What to work on
Though the records contain pictures, copy none of them; repeat exactly the lines from the one with "Lực lượng cứu" to the end.

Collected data
# # # # # # #
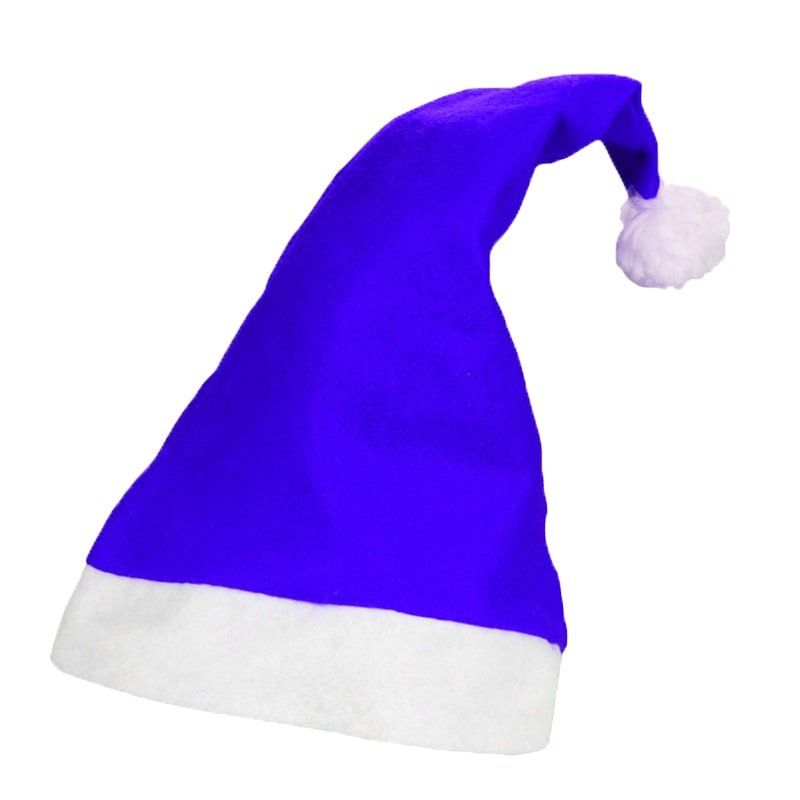 Uno de los gorros de navidad que más éxito tiene durante las fiestas de navidad es el gorro de papa Noel de color azul. Tiene una bola de algodón en la punta y una franja blanca en la parte inferior de color blanco, resaltando así el color azul.
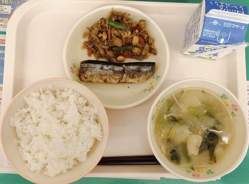 11月25日の給食は「ごはん、牛乳、みそ汁、さんまの塩焼き、切り干し大根のうま煮」でした。
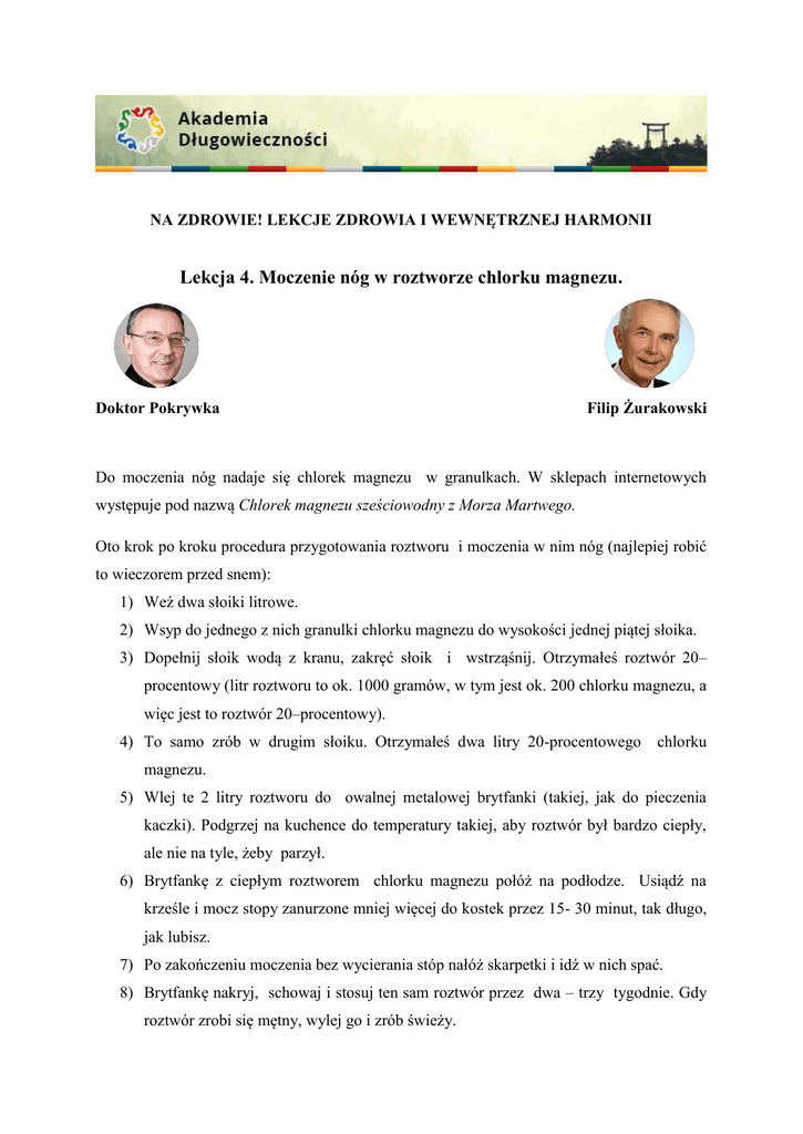 NA ZDROWIE! LEKCJE ZDROWIA I WEWNĘTRZNEJ HARMONII Lekcja 4. Moczenie nóg w roztworze chlorku magnezu. Doktor Pokrywka Filip Żurakowski Do moczenia nóg nadaje się chlorek magnezu w granulkach. W sklepach internetowych występuje pod nazwą Chlorek magnezu sześciowodny z Morza Martwego. Oto krok po kroku procedura przygotowania roztworu i moczenia w nim nóg (najlepiej robić to wieczorem przed snem): 1) Weź dwa słoiki litrowe. 2) Wsyp do jednego z nich granulki chlorku magnezu do wysokości jednej piątej słoika. 3) Dopełnij słoik wodą z kranu, zakręć słoik i wstrząśnij. Otrzymałeś roztwór 20– procentowy (litr roztworu to ok. 1000 gramów, w tym jest ok. 200 chlorku magnezu, a więc jest to roztwór 20–procentowy). 4) To samo zrób w drugim słoiku. Otrzymałeś dwa litry 20-procentowego chlorku magnezu. 5) Wlej te 2 litry roztworu do owalnej metalowej brytfanki (takiej, jak do pieczenia kaczki). Podgrzej na kuchence do temperatury takiej, aby roztwór był bardzo ciepły, ale nie na tyle, żeby parzył. 6) Brytfankę z ciepłym roztworem chlorku magnezu połóż na podłodze. Usiądź na krześle i mocz stopy zanurzone mniej więcej do kostek przez 15- 30 minut, tak długo, jak lubisz. 7) Po zakończeniu moczenia bez wycierania stóp nałóż skarpetki i idź w nich spać. 8) Brytfankę nakryj, schowaj i stosuj ten sam roztwór przez dwa – trzy tygodnie. Gdy roztwór zrobi się mętny, wylej go i zrób świeży. Tak prostego, praktycznego i szczegółowego opisu sposobu przygotowania roztworu do moczenia nóg nie znajdziesz nigdzie, nawet w naszej książce. Został on przygotowany specjalnie dla czytelników Lekcji Zdrowia i Wewnętrznej Harmonii. Na czym polega przewaga metalowej brytfanki? Po pierwsze brytfanka idealnie obejmuje dwie stopy złożone razem dorosłego człowieka i roztwór sięga wtedy do kostek albo powyżej kostek. Po drugie nie musisz codziennie przelewać roztworu ze słoików do miedniczki i z powrotem. Jeśli jednak nie masz i nie zamierzasz kupować metalowej brytfanki, możesz używać do moczenia nóg małej okrągłej plastikowej miedniczki. Wtedy będziesz podgrzewał roztwór ze słoików w metalowym naczyniu i ciepły wlewał do miedniczki. Codziennie po moczeniu będziesz zlewał roztwór do słoików i chował do następnego wieczora. Roztwór w miedniczce będzie sięgał poniżej kostek, ale to też jest ok. W naszych lekcjach tak wiele miejsca poświęcamy magnezowi, ponieważ to właśnie magnez i propagowane przez nas sposoby jego stosowania wzbudzają największe zainteresowanie słuchaczy naszych wystąpień w radiu i telewizji, a także uczestników naszych szkoleń na temat zdrowego stylu życia. Zdjęcie: Szymon Kliszewski Coś dla ducha Harmonia i duchowość oznacza rozwój. I ten rozwój u mnie oznacza, że nie kopiuję już płyt – szanuję prawa autorskie. Pożyczyłem od koleżanki płytę z filmem „Baby są jakieś inne” (znakomita komedia, boki zrywać) i nie skopiuję jej. Jeśli zechcę ją stosować na szkoleniach o treningu mózgu (na temat różnic miedzy mózgiem kobiety i mężczyzny), wtedy ją sobie kupię. Przecież chcę, żeby ludzie kupowali moje książki, prawda? Więc i ja kupuję, a nie kopiuję. Nie kopiuję już także płyt z muzyką. Pożyczam je z biblioteki (tak, w Wałbrzychu w Bibliotece Pod Atlantami jest znakomicie wyposażona fonoteka) albo kupuję. NOWA KSIĄŻKA! Bestseller Sensusa www.drpokrywka.pl www.filip-zurakowski.com Zapraszamy też do odsłuchania wywiadu Redaktor Grażyny Dobroń z Filipem Żurakowskim w radiowej Trójce: http://www.polskieradio.pl/9/306/Artykul/1155689,Omagnezie-czyli-jak-zachowac-zdrowe-kosci-miesnie-i-radosc-zycia
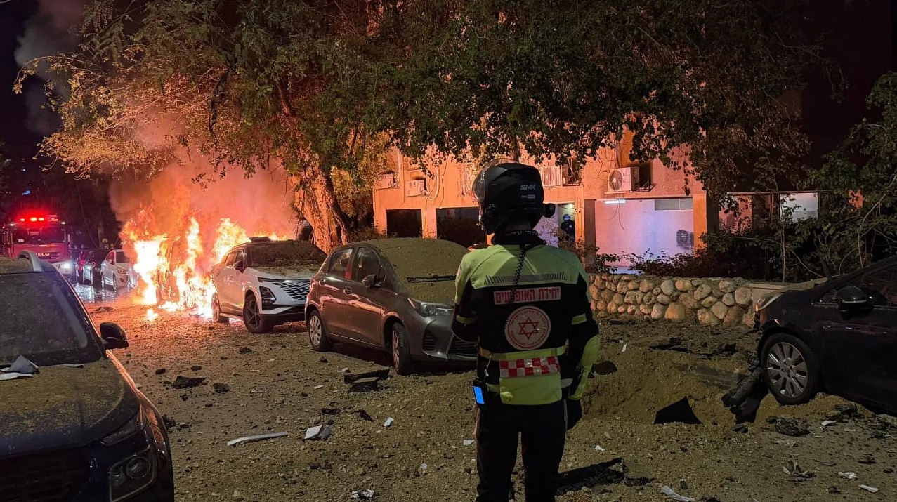 Lực lượng cứu hộ khẩn cấp Magen David Adom (Israel) cho biết hai trường hợp tử vong xảy ra ở Ramat Gan, một thành phố gần Tel Aviv, trong một vụ tấn công bằng tên lửa của Iran. Ảnh: Jerusalem Post
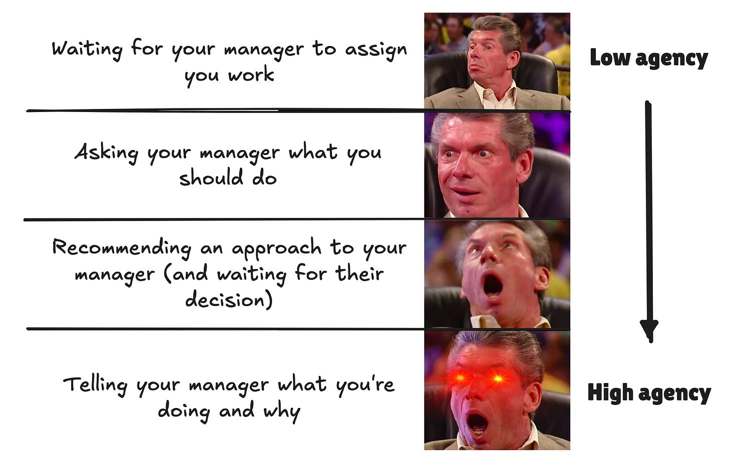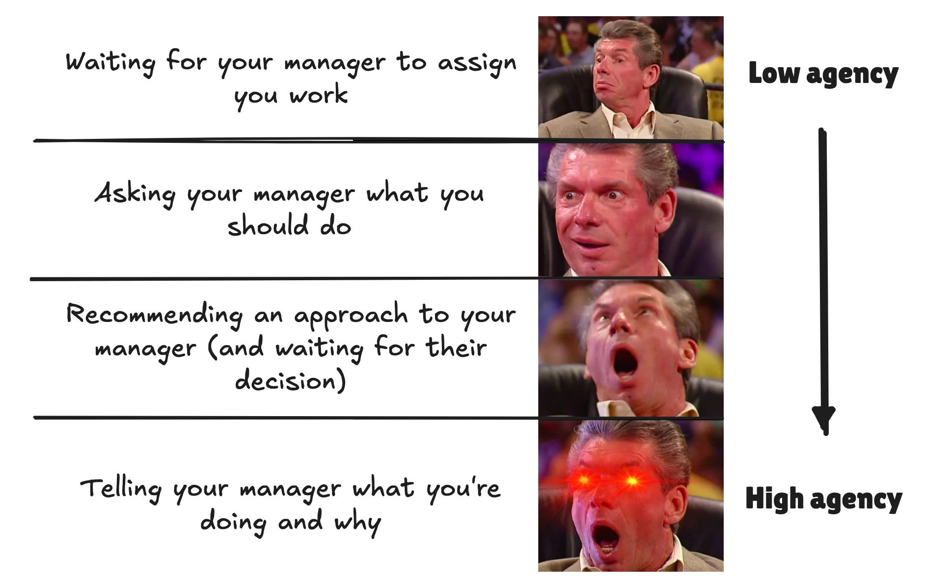 Of course, not every manager actually wants this in practice. If your manager is too insecure to give their direct reports freedom to operate like this, there is only so much you can do (agency or no agency); at least while you’re staying on that team. The high-agency move, in that case, would be to find a team where you’ll get more autonomy
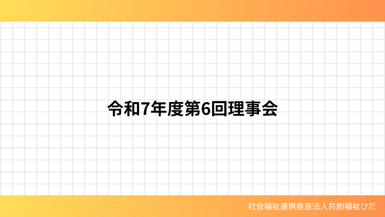令和8年3月18日(水)15:27~16:32にて、社会福祉連携推進法人共創福祉ひだ令和7年度第6回理事会を開催いたしました。
# # # # # # #
Answer section
 Lực lượng cứu hộ khẩn cấp Magen David Adom (Israel) cho biết hai trường hợp tử vong xảy ra ở Ramat Gan, một thành phố gần Tel Aviv, trong một vụ tấn công bằng tên lửa của Iran. Ảnh: Jerusalem Post
 Of course, not every manager actually wants this in practice. If your manager is too insecure to give their direct reports freedom to operate like this, there is only so much you can do (agency or no agency); at least while you’re staying on that team. The high-agency move, in that case, would be to find a team where you’ll get more autonomy
令和8年3月18日(水)15:27~16:32にて、社会福祉連携推進法人共創福祉ひだ令和7年度第6回理事会を開催いたしました。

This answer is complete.